Adolfo Hirsch

Personal information
- Full name: Adolfo José Hirsch
- Date of birth: 31 January 1986 (age 40)
- Place of birth: Guerrico, Buenos Aires, Argentina
- Height: 1.75 m (5 ft 9 in)
- Position: Striker

Team information
- Current team: Cailungo
- Number: 10

Youth career
- Banfield

Senior career*
- Years: Team / Apps / (Gls)
- 2007: Juventud
- 2008: Conesa
- 2009–2012: Virtus / 49 / (22)
- 2012–2014: Cosmos / 40 / (17)
- 2014–2017: Folgore / 65 / (27)
- 2017–2019: La Fiorita / 38 / (8)
- 2019–2021: Pennarossa / 23 / (5)
- 2021–2022: Folgore / 26 / (2)
- 2022–2024: Fiorentino / 47 / (8)
- 2024–: Cailungo / 48 / (4)

International career^{‡}
- 2011–2023: San Marino / 60 / (0)

= Adolfo Hirsch =

Sammarinese footballer (born 1986)

Adolfo José Hirsch (born 31 January 1986) is a Sammarinese footballer who plays as a striker for Cailungo.
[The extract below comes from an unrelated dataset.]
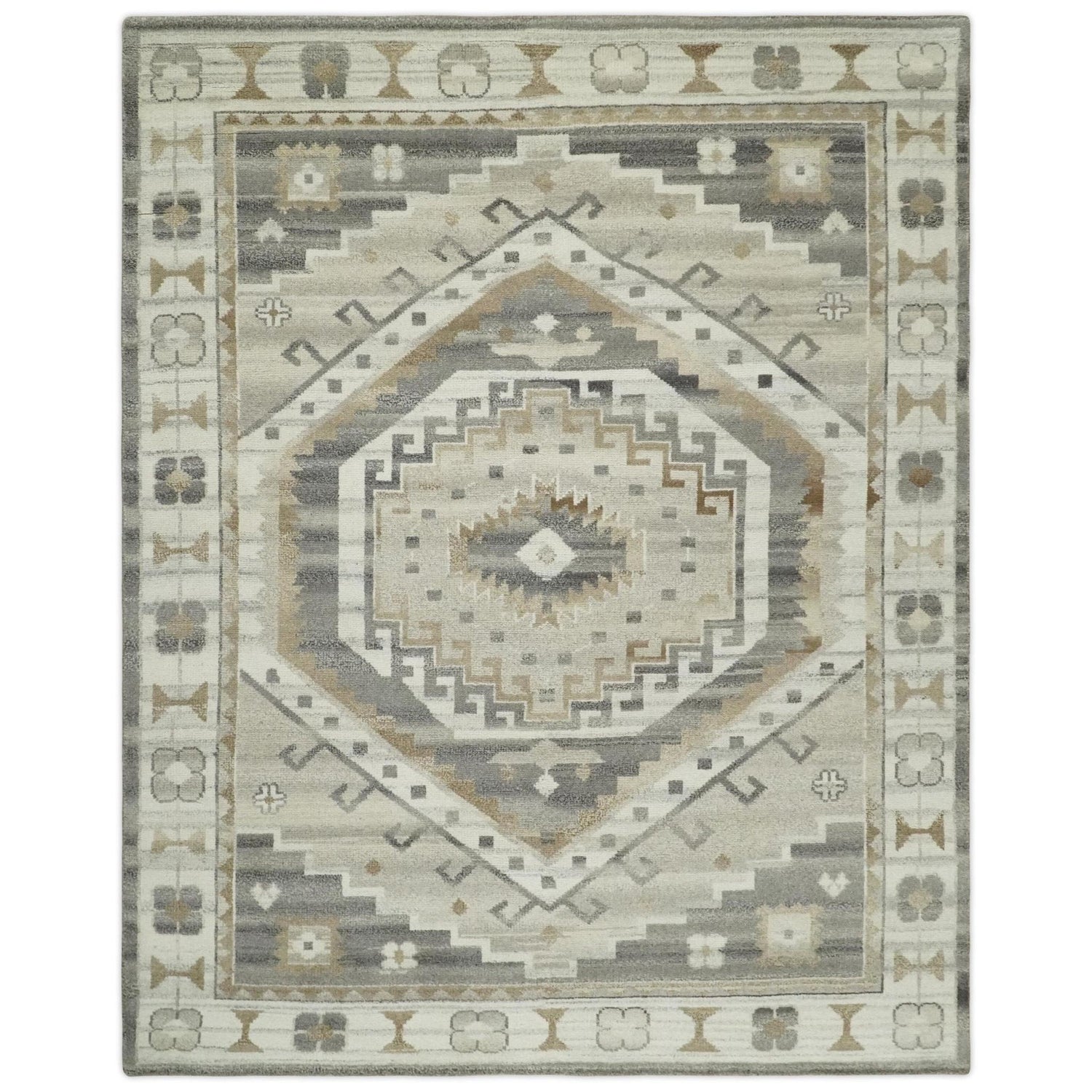 Hand Knotted Ivory, Charcoal and Beige Traditional Medallion Natural Wool Custom Made Area Rug, Kids, Living Room and Bedroom Rug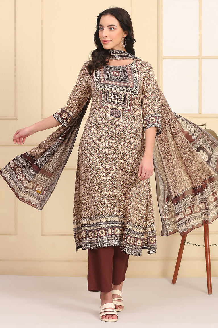 Brown Geometric Printed Zari Embroidered Georgette A-line Kurta, Leggings and Dupatta Set

Besides San Marino, he has played in Argentina.

==International career==
An Argentine-born and raised player, Hirsch emigrated to San Marino in 2009. He made his international debut for San Marino on 10 August 2011, coming on as an 81st-minute substitute in a 0–1 friendly loss against Romania.

Hirsch confirmed that he had retired from the national team in September 2023 in an interview in March 2024.